**Dataset excerpts:**
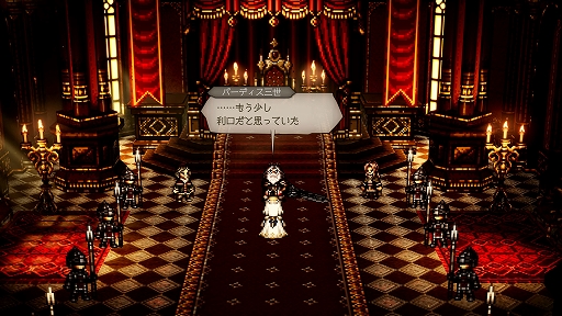 • パルテティオ(商人): BPパサーとして味方を支援しつつ、自身の底力でBPをMAXにして「傭兵よび(異邦の暗殺者や古兵)」を使用。金銭を消費して超火力を叩き出します。
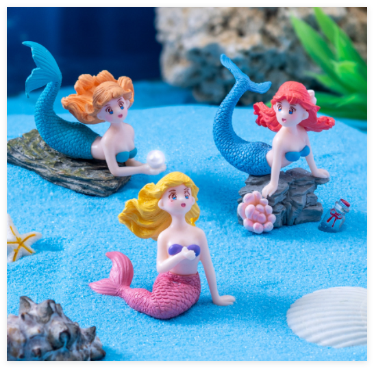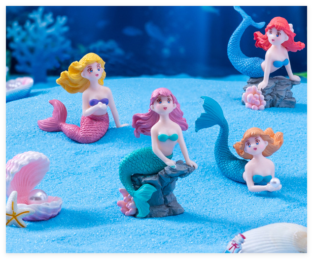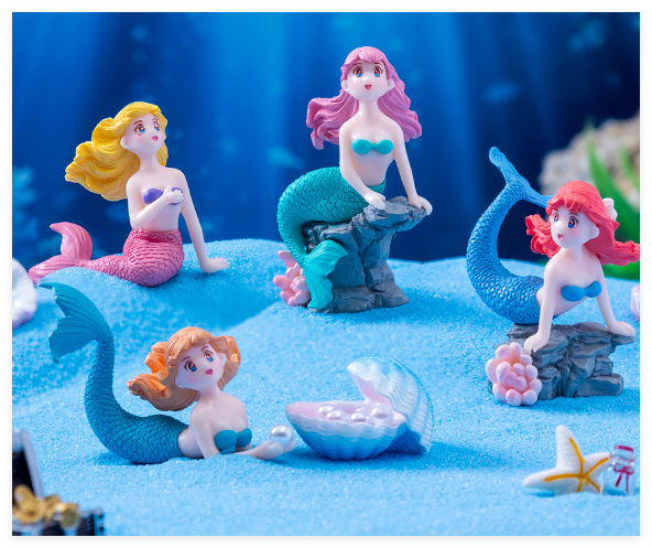 Wholesale 3D Cartoon Ocean Under the Sea Sand Beach Resin Crafts Mini Mermaid Toys Marine Figurine Dollhouse Miniatures for Kids
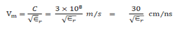 La permitividad o constante dieléctrica es una medida de la capacidad de polarización de un material en presencia de un campo eléctrico. Su rango de variación es entre 1 (aire) y 81 (agua a 20ºC). La respuesta del GPR depende en gran medida de la permitividad dieléctrica, dado que la mayoría de los materiales son no magnéticos ( y dieléctricos (σ=0). Bajo estas condiciones, la velocidad de propagación (Ecuación 1) depende únicamente de la velocidad de la luz en el vacío (c=3 x108 m/s) y de la constante dieléctrica relativa del medio ( ) [7].
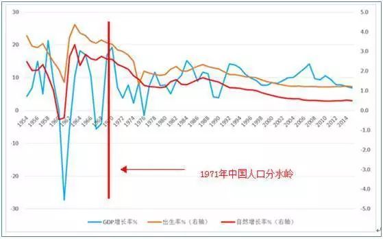 从上图可以清晰看出,开始大力推行计划生育的1971年是中国人口变化的一个明确分水岭。
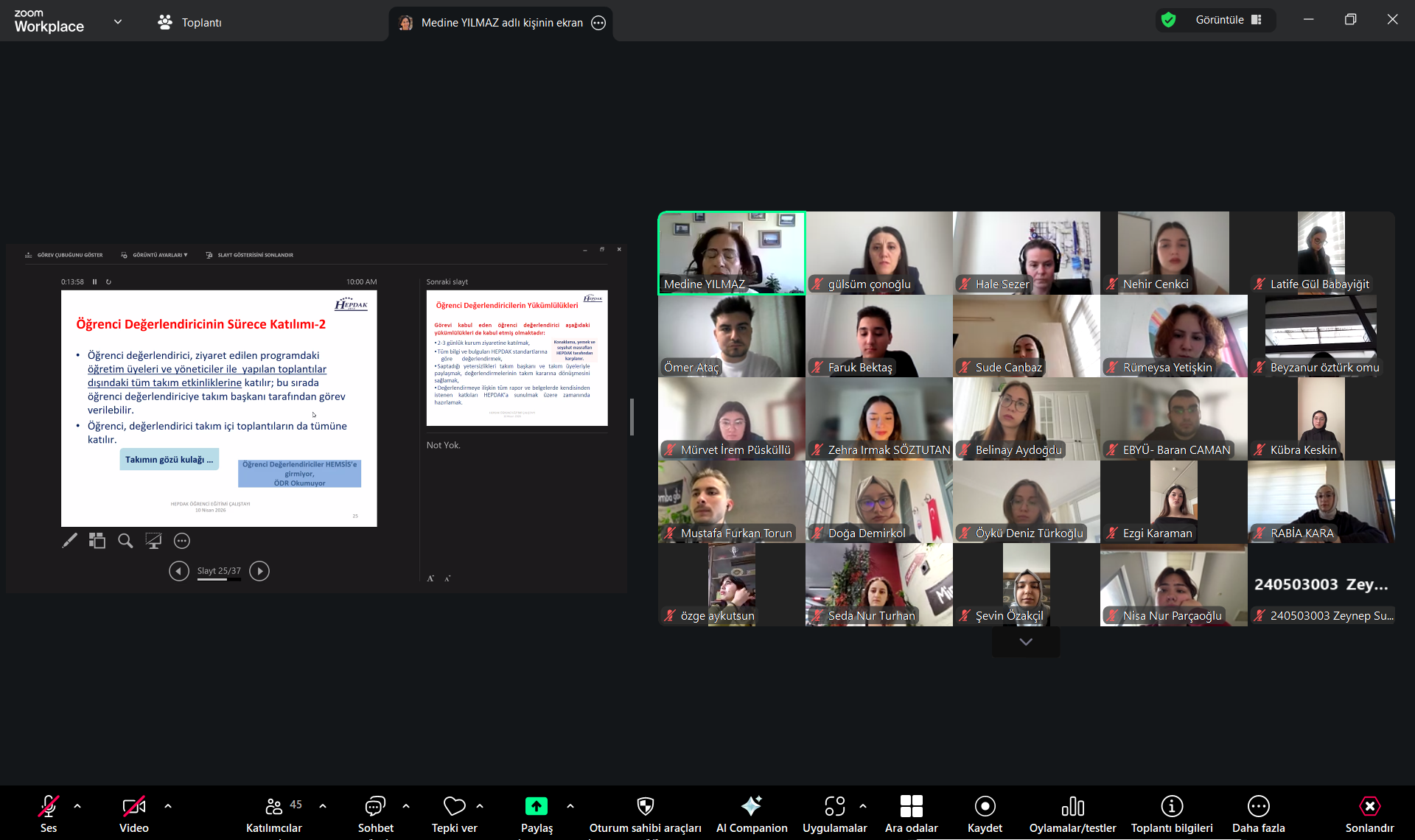 17 kurumdan 40 öğrencinin katılım sağladığı bu çalıştay ile öğrenci değerlendiricilerin akreditasyon süreçlerine ilişkin bilgi ve farkındalıklarının artırılması, değerlendirme sürecine etkin katılımlarının desteklenmesi amaçlanmıştır.
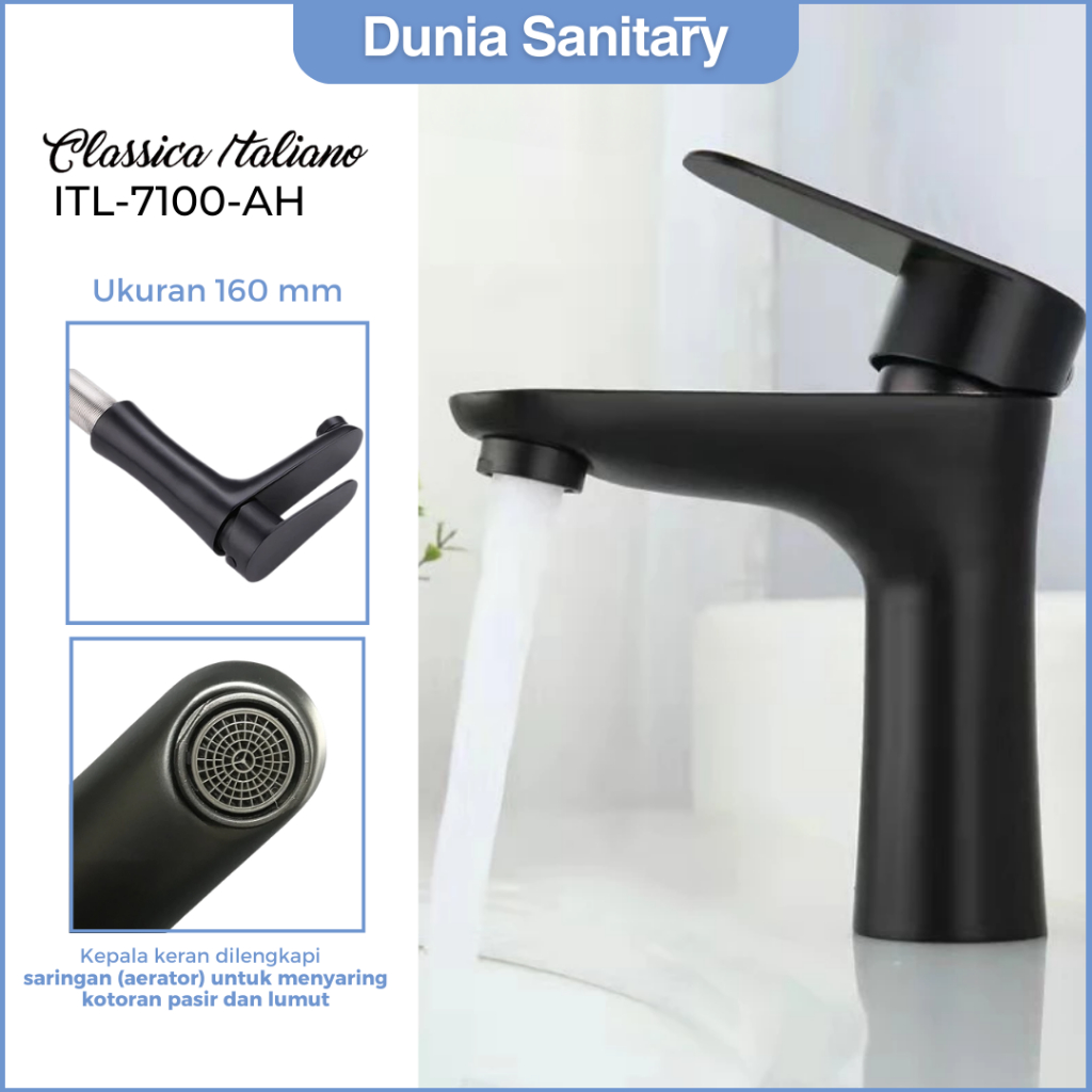 CLASSICA ITALIANO Kran Wastafel Cuci Tangan BLACK STAINLESS KUNINGAN MINIMALIST MODERN ITL-7100-AH

**Your assignment:** Please copy out each line above exactly as written, but not the pictures.

**Exercise answer:**
 • パルテティオ(商人): BPパサーとして味方を支援しつつ、自身の底力でBPをMAXにして「傭兵よび(異邦の暗殺者や古兵)」を使用。金銭を消費して超火力を叩き出します。
 Wholesale 3D Cartoon Ocean Under the Sea Sand Beach Resin Crafts Mini Mermaid Toys Marine Figurine Dollhouse Miniatures for Kids
 La permitividad o constante dieléctrica es una medida de la capacidad de polarización de un material en presencia de un campo eléctrico. Su rango de variación es entre 1 (aire) y 81 (agua a 20ºC). La respuesta del GPR depende en gran medida de la permitividad dieléctrica, dado que la mayoría de los materiales son no magnéticos ( y dieléctricos (σ=0). Bajo estas condiciones, la velocidad de propagación (Ecuación 1) depende únicamente de la velocidad de la luz en el vacío (c=3 x108 m/s) y de la constante dieléctrica relativa del medio ( ) [7].
 从上图可以清晰看出,开始大力推行计划生育的1971年是中国人口变化的一个明确分水岭。
 17 kurumdan 40 öğrencinin katılım sağladığı bu çalıştay ile öğrenci değerlendiricilerin akreditasyon süreçlerine ilişkin bilgi ve farkındalıklarının artırılması, değerlendirme sürecine etkin katılımlarının desteklenmesi amaçlanmıştır.
 CLASSICA ITALIANO Kran Wastafel Cuci Tangan BLACK STAINLESS KUNINGAN MINIMALIST MODERN ITL-7100-AH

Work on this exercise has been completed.